Crise au RDPC: Jean Nkuete sème la guerre entre Alhadji Abbo et Cavaye Yeguie

• Jean Nkuété demande l’interdiction de la tenue d’une 'conférence de haut niveau'

• La conférence de haut niveau a été initiée par Cavaye Yéguié

• Pour justifier sa décision, Jean Nkuété cite l’article 28 al.2 des statuts du parti


La guerre de leadership bat son plein au sein du parti au pouvoir. Aucune personnalité de haut rang du Rassemblement démocratique du peuple camerounais (RDPC) n’y échappe. Le dernier épisode en date met en scène trois ténors du parti : Jean Nkuete, Alhadji Abbo et Cavaye Yeguie.

Dans un courrier adressé au Chef de la délégation permanente du Comité central de l’Adamaoua, Aladji Abo, le Secrétaire général du RDPC, Jean Nkuété lu demande d’interdire la tenue d’une « conférence de haut niveau » initiée par le président de l’Assemblée nationale Cavaye Yéguié Djibril.
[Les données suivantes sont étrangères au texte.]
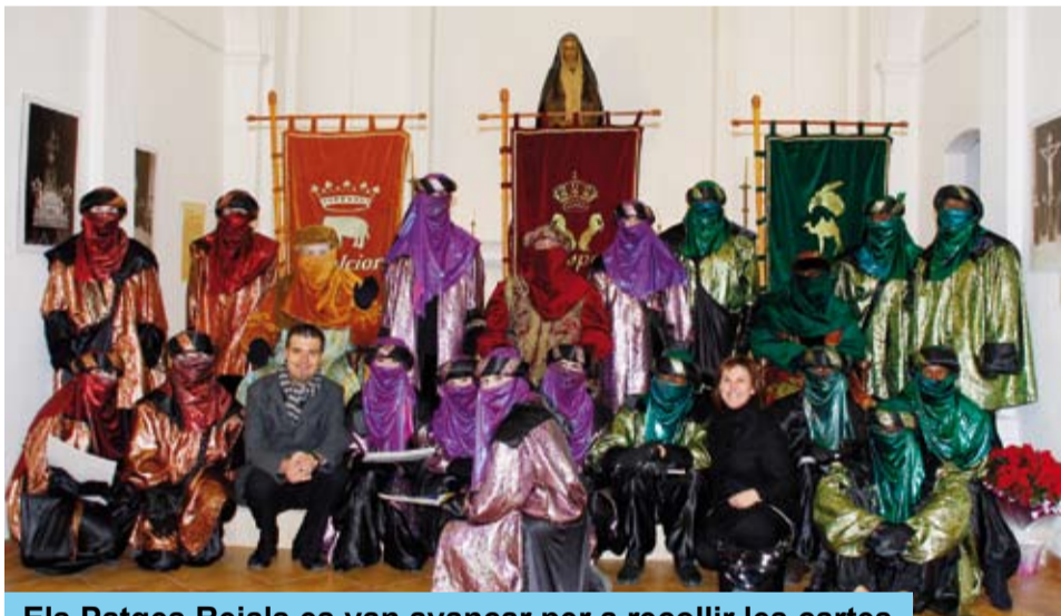
Els Patges Reials es van avançar per a recollir les cartes

Sant Esteve va ser el dia triat pels Patges Reials per venir a recollir les cartes de tots els nens i nenes de Riudoms.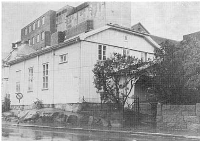
Bedehuset Carmel, hvor det hele startet.

la styret planer om å avholde oppbyggelsesmøter om søndagene på de mange og store sagbruk som da drev sin virksomhet i og rundt Fredrikstad. Over på Østsiden kom man tidlig i gang i leide lokaler og det varer heller ikke lenge før vi leser om regelmessige møter på Zoar, Kiærs bruk, Capjons bruk, Bjørnebys bruk og Røds bruk, samt hver 3. søndag på Veum. Dette allerede i 1876. Det året holdtes ca. 300 oppbyggelser.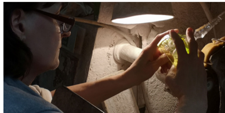
Ügyes kezek alakítják a csiszolatot

Munkaerő gondjaik persze nekik is vannak. Hiszen ki megy manapság üvegfúvónak, vagy -csiszolónak? Pedig szép munka ez, remek darabokat hoznak létre napról napra, óráról órára az ügyes kezű munkások, erről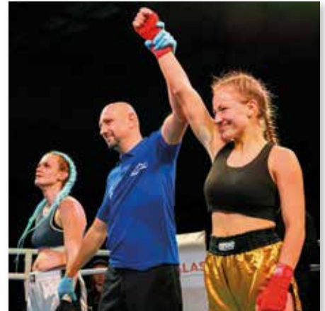
Nicht alle Helden tragen Umhänge. Manche tragen goldene Shorts.

Mich haben schon immer härtere Sportarten interessiert. Vorher habe ich jahrelang Gymnastik gemacht und Kickboxen kam dann irgendwie zufällig. Ich wollte vielleicht auch beweisen, dass ich tougher bin als viele Männer. (lacht) Ich mag das Gefühl, mich selbst zu überwinden. Wenn man im Kampf am Limit ist, muss man irgendwoher noch Kraft holen. Das brauche ich wohl in allem, was ich mache. Im Januar waren es drei Jahre, seit ich angefangen habe.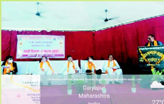
Padvi Vitaran Samarambh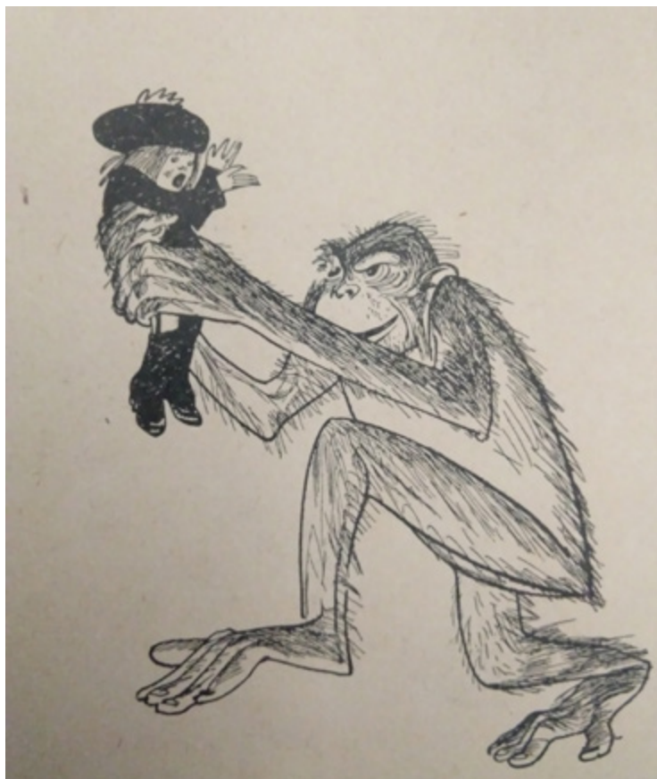
Ил. 1. Ре-Ми (Н.В. Ремизов). Иллюстрация к поэме К.И. Чуковского «Крокодил». 1919. Б., тушь, перо, кисть.

Как известно, жизнь животных всегда была и остается одной из главных, любимых тем детской литературы; не представляет исключения в этом отношении и период 1920-х гг., отмеченный расцветом отечественного книжно-оформительского искусства. В данной статье речь пойдет лишь об одном сравнительно небольшом, но очень интересном сегменте детской анималистической литературы — о книгах, действие которых разворачивается в зверинце, зоосаде, зоопарке (конечно, между этими понятиями есть существенная разница, но в данном случае можно перечислить их в одном ряду). Рассматриваться будут преимущественно «книжки-картинки», то есть издания, адресованные читателям дошкольного или младшего школьного возраста, в которых зрительный ряд занимает не меньше места, чем текст, и играет основную роль. Чаще всего в них описывается экскурсия детей по зоосаду, фиксируются самые яркие впечатления ребенка от встреч с представителями фауны.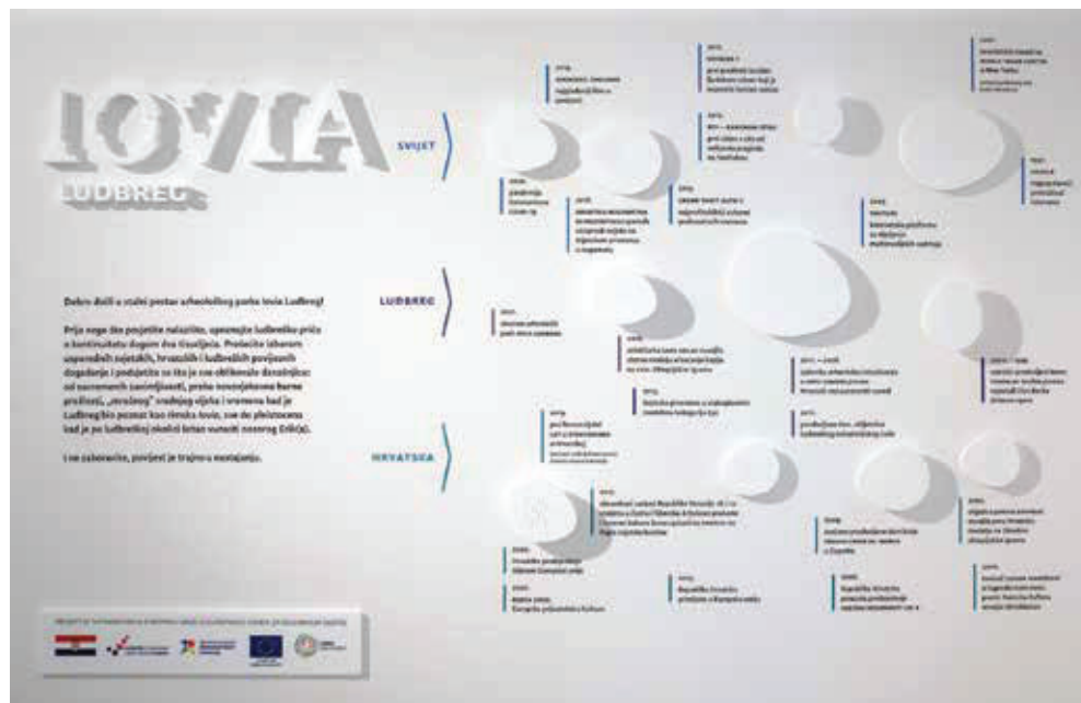
Slika 7. Stalni postav Arheološkog parka Iovia Ludbreg.

Prostor je nenametljivo naglašen posebno projektiranim vitrinama kojima je omogućena skladna vizualna prevlast konzerviranih i restauriranih pokretnih arheoloških nalaza (keramičkih, metalnih i staklenih uporabnih predmeta te novca) koji su usklađeni s usporednom lentom povijesnih zbivanja. Odabirom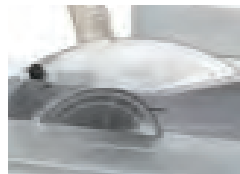
BASIC safety guard BASIC Schutzvorrichtung Защита пилы Basic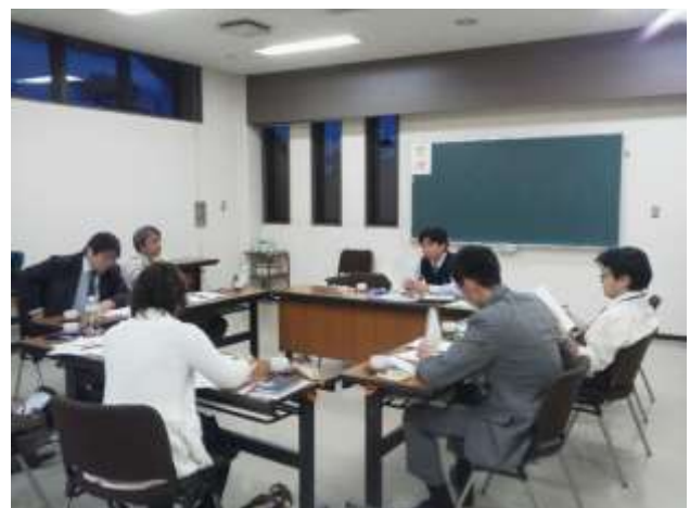
会議風景（行田市郷土博物館）

アンケートの送付までには会議を持てなかったため、メールにより内容修正を行った。そして、埼史協視察研修会（平成25年1月18日）時に内容と回答方法について最終確認を行った。最終的に回答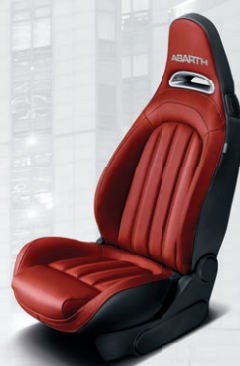
Cuir Abarth rouge (de série sur 595 Turismo)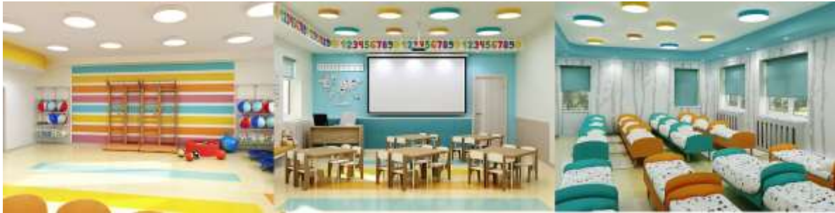
Рис. 2.2.6 Дитячий садок с. Старі Кодаки.

"Велике будівництво", ініційованої президентом України Володимиром Зеленським [23].

En effet, il y a quelques jours, face à la montée de la colère dans le Grand Nord, le président de l’Assemblée nationale, Cavaye Yeguie DJIBRIL a instruit les chefs de délégation permanente du comité central du RDPC des trois régions du grand nord d’organiser des séminaires de haut niveau. Lesdites conférences ont été annulées. L’on a appris par la suite que non seulement l'évènement n'avait reçu l'accord du secrétaire général du RDPC, mais a aussi essuyé de vives critiques des cadres, activistes et journalistes du Grand nord.
« Grâce à la mobilisation générale, grâce à notre mobilisation ils ont renoncé à leur soit disant conférence ou états généraux. Mais cela ne doit pas nous distraire car ils sont capables de nous surprendre à tout moment, alors restons mobilisés. Le grand nord a tant souffert, le grand nord a assez crié mais ils ont joué les sourds. Le grand nord a assez pleuré mais personne n'a essuyé ses larmes, au contraire ses enfants les plus vaillants comme Marafa, Iya et Vamoulké sont emprisonnés. Pourtant c'est le grand nord qui fait le roi », nous avait rapporté une source.

Dans son courrier, Jean Nkuete demande à Aladji Abo de « veiller au strict respect des dispositions de l’article 28 al.2 des statuts du parti préconisant toute forme d’association ou de regroupement de organes de base, dont les Délégations Permanentes, Départementales et Régionales du Comité central ».

« Le Chef de la Délégation régionale n’a pas vocation, ni à se substituer à vous, ni à vous convoquer pour toute initiative relative au fonctionnement du parti dans votre région » fait-il remarquer à Aladji Abo.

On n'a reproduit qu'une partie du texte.